- YOUR ASSIGNMENT -
Note on the material below: return exactly the lines from the line that holds "The initial TFV" through the line that holds "St. Mary's, Dublin", and leave out each picture.

- RECORDS FOR THIS TASK -
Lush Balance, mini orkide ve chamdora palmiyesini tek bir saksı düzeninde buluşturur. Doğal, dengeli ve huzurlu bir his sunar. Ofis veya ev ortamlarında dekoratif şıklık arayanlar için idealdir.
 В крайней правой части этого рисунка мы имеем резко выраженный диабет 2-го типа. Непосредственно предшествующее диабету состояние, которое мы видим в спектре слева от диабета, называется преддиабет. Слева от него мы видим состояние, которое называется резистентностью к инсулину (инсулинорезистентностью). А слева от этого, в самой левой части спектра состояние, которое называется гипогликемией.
---
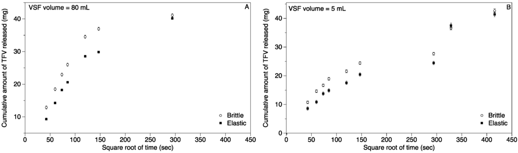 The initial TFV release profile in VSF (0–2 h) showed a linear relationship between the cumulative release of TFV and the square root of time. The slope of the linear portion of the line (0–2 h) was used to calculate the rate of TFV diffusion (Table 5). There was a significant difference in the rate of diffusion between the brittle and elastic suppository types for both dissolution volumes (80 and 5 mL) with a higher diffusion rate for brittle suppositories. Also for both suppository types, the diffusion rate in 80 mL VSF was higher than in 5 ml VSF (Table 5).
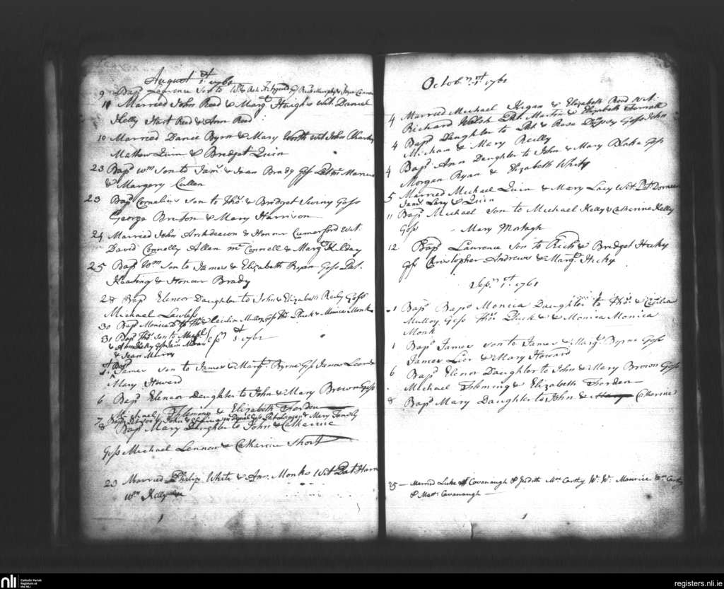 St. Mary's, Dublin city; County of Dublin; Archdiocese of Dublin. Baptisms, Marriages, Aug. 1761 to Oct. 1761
* * *
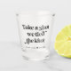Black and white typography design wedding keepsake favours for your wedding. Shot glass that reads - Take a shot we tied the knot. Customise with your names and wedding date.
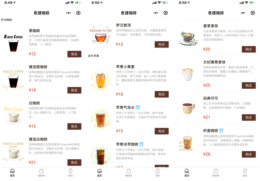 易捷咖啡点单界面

- EXERCISE SOLUTION -
 The initial TFV release profile in VSF (0–2 h) showed a linear relationship between the cumulative release of TFV and the square root of time. The slope of the linear portion of the line (0–2 h) was used to calculate the rate of TFV diffusion (Table 5). There was a significant difference in the rate of diffusion between the brittle and elastic suppository types for both dissolution volumes (80 and 5 mL) with a higher diffusion rate for brittle suppositories. Also for both suppository types, the diffusion rate in 80 mL VSF was higher than in 5 ml VSF (Table 5).
 St. Mary's, Dublin city; County of Dublin; Archdiocese of Dublin. Baptisms, Marriages, Aug. 1761 to Oct. 1761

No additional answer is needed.